🤖 AI Summary
To address poor adaptability and limited scalability in open-ecosystem multi-source heterogeneous fine-tuned model merging—caused by missing task/architecture metadata and rapidly growing model sizes—this paper pioneers a constrained optimization formulation for model merging and proposes a Frank-Wolfe-style iterative framework. It integrates model-pool-driven greedy selection with local weighted fusion, enabling large-scale merging without data access and under constant memory overhead. The method is orthogonal to and compatible with existing techniques. Evaluated on 20 computer vision tasks, it improves performance by 15.3% when merging 16 related models, and maintains robustness even when 16 unrelated models are included. It outperforms state-of-the-art data-free methods by 32.8% and surpasses Adamerging by 8.39%.
📝 Abstract
Model merging has emerged as a promising approach for multi-task learning (MTL), offering a data-efficient alternative to conventional fine-tuning.
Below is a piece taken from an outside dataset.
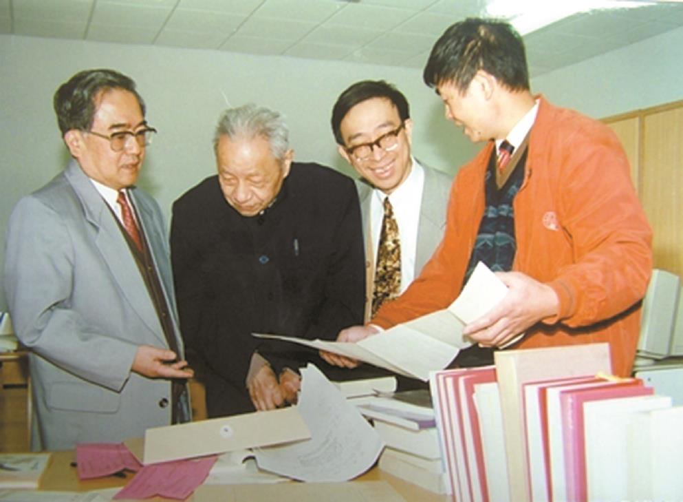 顧廷龍(左二)在指導(dǎo)“盛檔”整理工作。右一為馮金牛,右二為陳?ài)凭?,左一為本文作?/span>

However, with the rapid development of the open-source AI ecosystem and the increasing availability of fine-tuned foundation models, existing model merging methods face two key limitations: (i) They are primarily designed for in-house fine-tuned models, making them less adaptable to diverse model sources with partially unknown model and task information, (ii) They struggle to scale effectively when merging numerous model checkpoints. To address these challenges, we formulate model merging as a constrained optimization problem and introduce a novel approach: Frank-Wolfe Merging (FW-Merging). Inspired by Frank-Wolfe optimization, our approach iteratively selects the most relevant model in the pool to minimize a linear approximation of the objective function and then executes a local merging similar to the Frank-Wolfe update. The objective function is designed to capture the desired behavior of the target-merged model, while the fine-tuned candidate models define the constraint set. More importantly, FW-Merging serves as an orthogonal technique for existing merging methods, seamlessly integrating with them to further enhance accuracy performance. Our experiments show that FW-Merging scales across diverse model sources, remaining stable with 16 irrelevant models and improving by 15.3% with 16 relevant models on 20 CV tasks, while maintaining constant memory overhead, unlike the linear overhead of data-informed merging methods. Compared with the state-of-the-art approaches, FW-Merging surpasses the data-free merging method by 32.8% and outperforms the data-informed Adamerging by 8.39% when merging 20 ViT models.